Como parte do acordo, a OpenAI removeu muitas de suas restrições de uso habituais. Ainda existem algumas limitações, mas o Pentágono conseguiu a maior parte do que queria.
Um porta-voz da empresa afirmou que qualquer expansão para uso confidencial exigiria um novo acordo. O Google e a xAI de Elon Musk já fizeram acordos semelhantes no passado.
As negociações com a Anthropic não têm sido fáceis. Os líderes da empresa disseram ao Pentágono que não querem que sua tecnologia seja usada para miramatic ou espionagem de pessoas dentro dos EUA.
Apesar de Claude já estar sendo usado em algumas missões de segurança nacional, os executivos da empresa estão resistindo. Em um comunicado, um porta-voz disse:
"A Anthropic está empenhada em proteger a liderança dos Estados Unidos em IA e em ajudar o governo americano a combater ameaças estrangeiras, dando aos nossos militares acesso às capacidades de IA mais avançadas."

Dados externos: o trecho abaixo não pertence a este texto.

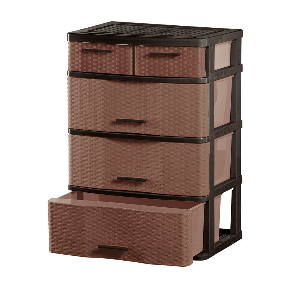 Cómoda Comodina Mimbre Ratán #4 Marrón Cerezo Polinplast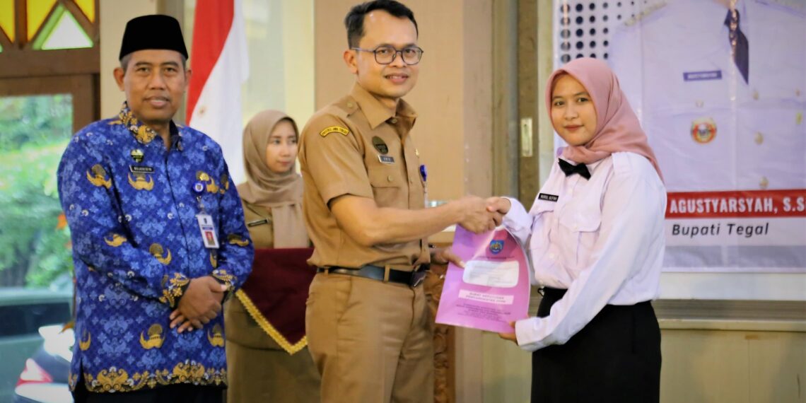 Slawi – Pemerintah Kabupaten Tegal resmi mengangkat 400 orang tenaga honorer menjadi aparatur sipil negara (ASN) berstatus pegawai pemerintah dengan perjanjian kerja atau PPPK. Mereka resmi menerima surat keputusan (SK) pengangkatan dari pejabat pembuat komitmen dan menandatangani perjanjian kerja selama lima tahun, terhitung tanggal 1 April 2024 sampai dengan 31 Maret 2029 di Pendopo Amangkurat, Senin (01/04/2024).

Disseram que Claude já está em uso e que a empresa continua trabalhando em estreita colaboração com o que agora é chamado de Departamento de Guerra. Odent Donald Trump ordenou recentemente que o Departamento de Defesa adotasse esse nome, mas o Congresso ainda precisa aprová-lo.
Enquanto tudo isso acontece, vários pesquisadores dessas empresas estão abandonando seus empregos. Um dos principais pesquisadores de salvaguardas da Anthropic disse: "O mundo está em perigo", ao se demitir. Um pesquisador da OpenAI também saiu, afirmando que a tecnologia tem "potencial para manipular usuários de maneiras que não temos ferramentas para entender, muito menos para prevenir"
Algumas das pessoas que estão saindo não estão fazendo isso discretamente. Elas estão alertando que as coisas estão acontecendo rápido demais e que os riscos estão sendo ignorados. Zoë Hitzig, que trabalhou na OpenAI por dois anos, pediu demissão esta semana.
Em um ensaio, ela disse ter "sérias reservas" sobre como a empresa planeja inserir anúncios. Ela também afirmou que o ChatGPT armazena dados privados das pessoas, como "medos relacionados à saúde, problemas de relacionamento, crenças sobre Deus e a vida após a morte"
Ela disse que esse é um grande problema porque as pessoas confiam no chatbot e não acham que ele tenha segundas intenções.
Quase simultaneamente, o site de tecnologia Platformer noticiou que a OpenAI extinguiu sua equipe de alinhamento de missão. Esse grupo havia sido criado em 2024 para garantir que o objetivo da empresa de construir IA que ajude toda a humanidade realmente fizesse sentido.